Four Big Questions for Biden’s Pick to Lead DFC

Back in August, President Biden nominated Scott Nathan to serve as CEO of the US International Development Finance Corporation (DFC). This week, Nathan will finally have the chance to share his vision for the still-relatively-new agency before the Senate Foreign Relations Committee.

While not well known in development circles, Nathan boasts both government and private investment experience. If confirmed, the job he’ll assume is a big one. DFC features prominently in the administration’s vision for ending the global pandemic, tackling climate change, advancing gender equity, and driving infrastructure investment in low- and middle-income countries around the world. An ambitious set of goals layered on top of DFC’s core mandate to deliver development impact while advancing US foreign policy objectives and ensuring prudent fiscal management.

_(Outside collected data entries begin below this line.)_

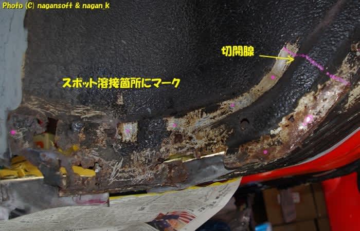 スポット溶接箇所と、切開腺をマジックで印つけます。
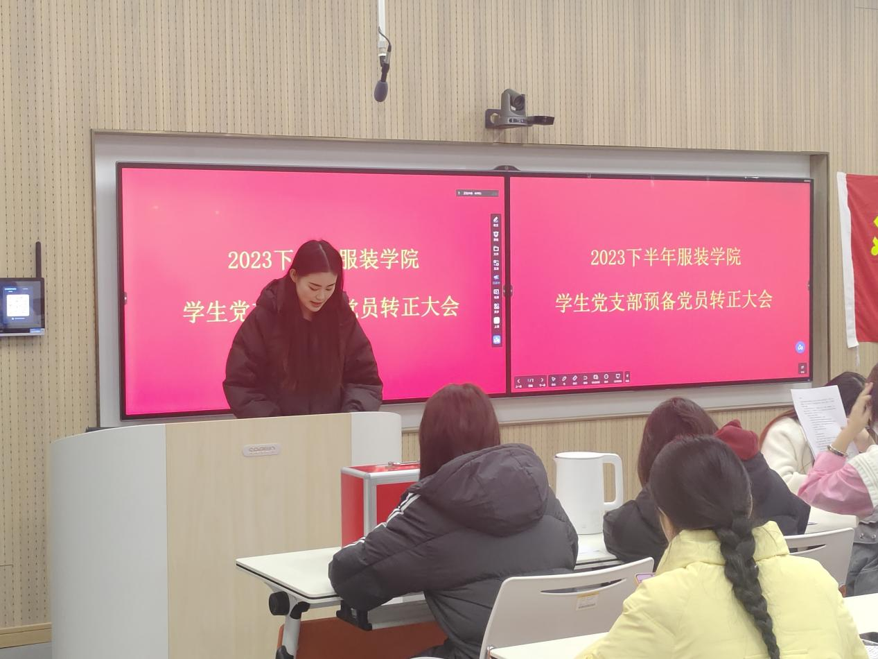 2023年12月28日,服装学院党总支学生党支部在多媒体教室召开中共预备党员转正大会,研究张仲妹,张天慧,梁泽昌,高贺巧4位同志预备党员转正事宜。本次会议由党支部书记刘怡宏主持,学生党支部全体师生党员参加会议,党总支书记杨磊、专职组织员任泽列席会议。
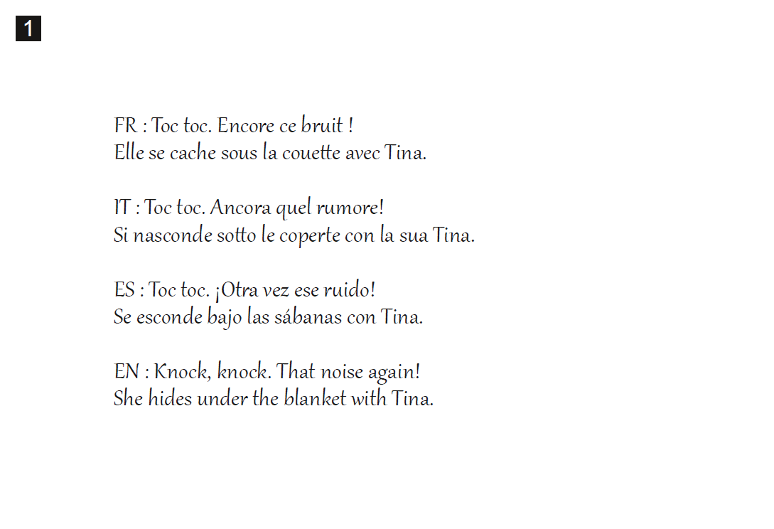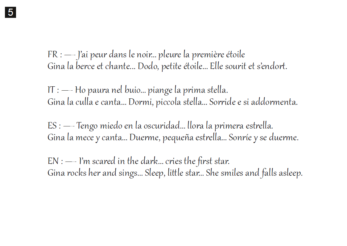 Chaque planche correspond à une scène racontée à voix haute.
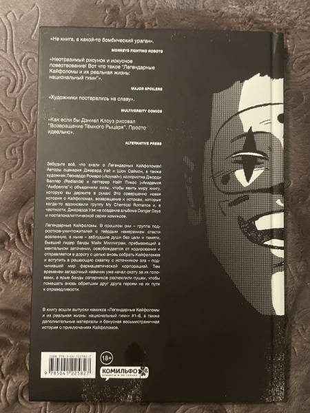 ОписаниеЗабудьте всё, что знали о Легендарных Кайфоломах! Авторы сценария Джерард Уэй и Шон Саймон, а также художник Леонардо Ромеро ("Хоукай"), колористка Джорди Беллер (Redlands) и леттерер Нэйт Пикос ("Академия "Амбрелла"") объединили силы, чтобы явить миру книгу, которую вы держите в руках! Это совершенно новая история о Кайфоломах, возвращение к истокам, которые когда-то вдохновили группу My Chemical Romance и, в частности, Джерарда Уэя на создание альбома Danger Days и постапокалиптической серии комиксов. Легендарные Кайфоломы. В прошлом они - группа подростков-уничтожителей с твёрдым намерением спасти вселенную, а ныне - заблудшие души без цели и памяти. Бывший лидер банды Майк Миллиграм, пребывающий в ментальном заточении, освобождается от кодирования и отправляется в дорогу с целью вновь собрать Кайфоломов и вступить в решающую схватку с источником зла - подчинившей мир фармацевтической корпорацией. Тем временем загадочный наёмник уже начал охоту за их головами, а ярые банды соперников обнажили пушки, чтобы помешать вновь обретшим друг друга героям на их пути к справедливости.В книгу вошли выпуски комикса "Легендарные Кайфоломы и их реальная жизнь: национальный гимн" #1-6, а также дополнительные материалы и бонусная восьмистраничная история о приключениях Кайфоломов."Не книга, а какой-то бомбический ураган".Monkeys Fighting Robots"Неотразимый рисунок и искусное повествование! Вот что такое "Легендарные Кайфоломы и их реальная жизнь: национальный гимн"".Major Spoilers"Художники постарались на славу".Multiversity Comics"Как если бы Дэниел Клоуз рисовал "Возвращение Тёмного Рыцаря". Просто идеально".Alternative PressСвернутьЗабудьте всё, что знали о Легендарных Кайфоломах! Авторы сценария Джерард Уэй и Шон Саймон, а также художник Леонардо Ромеро ("Хоукай"), колористка Джорди Беллер (Redlands) и леттерер Нэйт Пикос ("Академия "Амбрелла"") объединили силы, чтобы явить миру книгу, которую вы держите в руках! Это совершенно новая история о Кайфоломах, возвращение к истокам, которые когда-то вдохновили группу My Chemical Romance и, в частности, Джерарда Уэя на создание альбома Danger Days и постапокалиптической серии комиксов. Легендарные Кайфоломы. В прошлом они - группа подростков-уничтожителей с твёрдым намерением спасти вселенную, а ныне - заблудшие души без цели и памяти. Бывший лидер банды Майк Миллиграм, пребывающий в ментальном заточении, освобождается от кодирования и отправляется в дорогу с целью вновь собрать Кайфоломов и вступить в решающую схватку с источником зла - подчинившей мир фармацевтической корпорацией. Тем временем загадочный наёмник уже начал охоту за их головами, а ярые банды соперников обнажили пушки, чтобы помешать вновь обретшим друг друга героям на их пути к справедливости.В книгу вошли выпуски комикса "Легендарные Кайфоломы и их реальная жизнь: национальный гимн" #1-6, а также дополнительные материалы и бонусная восьмистраничная история о приключениях Кайфоломов."Не книга, а какой-то бомбический ураган".Monkeys Fighting Robots"Неотразимый рисунок и искусное повествование! Вот что такое "Легендарные Кайфоломы и их реальная жизнь: национальный гимн"".Major Spoilers"Художники постарались на славу".Multiversity Comics"Как если бы Дэниел Клоуз рисовал "Возвращение Тёмного Рыцаря". Просто идеально".Alternative PressСвернутьСвернуть
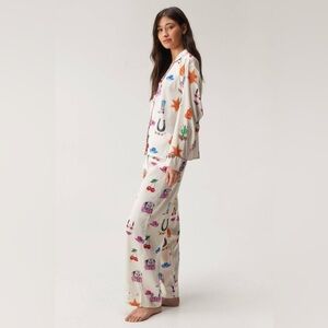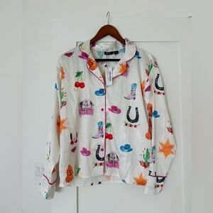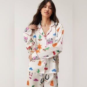 Satin cowboy-inspired pyjama set with vibrant Western motifs
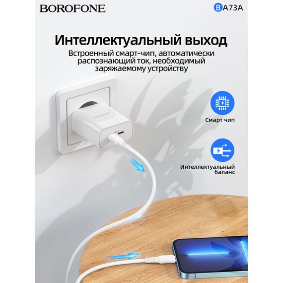 СЗУ Borofone BA73A Young PD35W dual port charger set (Type-C to Type-C) (EU), white
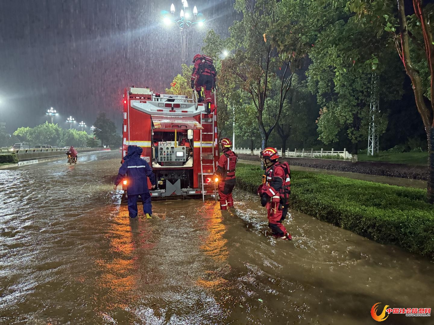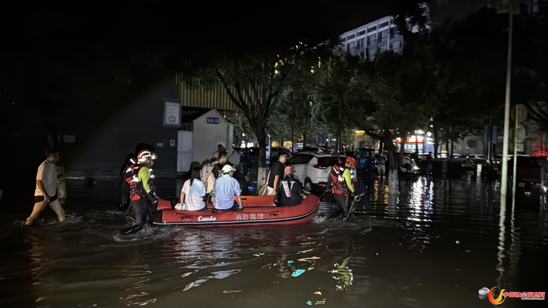消防救援人员冒着暴雨抵达现场后,迅速展开救援。针对积水区域分散、部分群众行动不便的情况,救援人员采取“单个背人”与“皮划艇转运”相结合的方式,在积水中开辟“生命通道”,争分夺秒疏散被困群众。经过紧张救援,紧急救援转移受困群众200余人至安全地带。

Ahead of tomorrow’s hearing, we profile four big questions facing the agency.

DFC today

First, a quick reminder of where things stand. DFC is wrapping up its second year of operation. The agency’s profile has grown considerably in that time, as has its portfolio. At DFC’s September board meeting, the agency moved forward with a historic number of investments—contributing to a record $6.7 billion in commitments in FY2021. That’s a big increase when you consider its predecessor, the Overseas Private Investment Corporation (OPIC), hewed close to $4 billion in later years.

DFC inherited OPIC’s portfolio and our best effort to calculate share of exposure by country income classification shows highest concentration in lower- and upper-middle-income countries.

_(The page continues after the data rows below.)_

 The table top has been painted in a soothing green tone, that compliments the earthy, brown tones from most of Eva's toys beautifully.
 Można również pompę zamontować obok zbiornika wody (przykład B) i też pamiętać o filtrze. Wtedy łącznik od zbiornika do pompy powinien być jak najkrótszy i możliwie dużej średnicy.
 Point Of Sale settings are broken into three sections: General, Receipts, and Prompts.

*Some information for DFC’s investments in vaccine manufacturing are unavailable. The agency has announced three distinct projects to bolster COVID-19 vaccine supply.

DFC recently published project data on its website in a downloadable spreadsheet—for which we’re grateful—though the dataset is missing some fields that the file promises will be available with the next update. We were also excited to hear glowing remarks on Publish What You Fund’s new DFI Transparency Tool from DFC’s VP of the Office of Development Policy, Elizabeth Boggs Davidsen.

One of the more challenging tasks on the agency’s early agenda was constructing a framework for assessing the prospective development impact of its investments, which would also be used to track progress throughout a project’s lifespan. DFC launched Impact Quotient (IQ) in summer 2020 and now has more than a year of experience calculating project IQ scores and using the tool to guide more robust monitoring and evaluation efforts.

The agency is actively staffing up to meet a range of new demands, but it’s likely to take time to find individuals with the right set of skills and experience. Meanwhile, nonsensical budget scoring practices continue to hamper DFC’s use of its equity authority—though some lawmakers are actively pursuing a fix.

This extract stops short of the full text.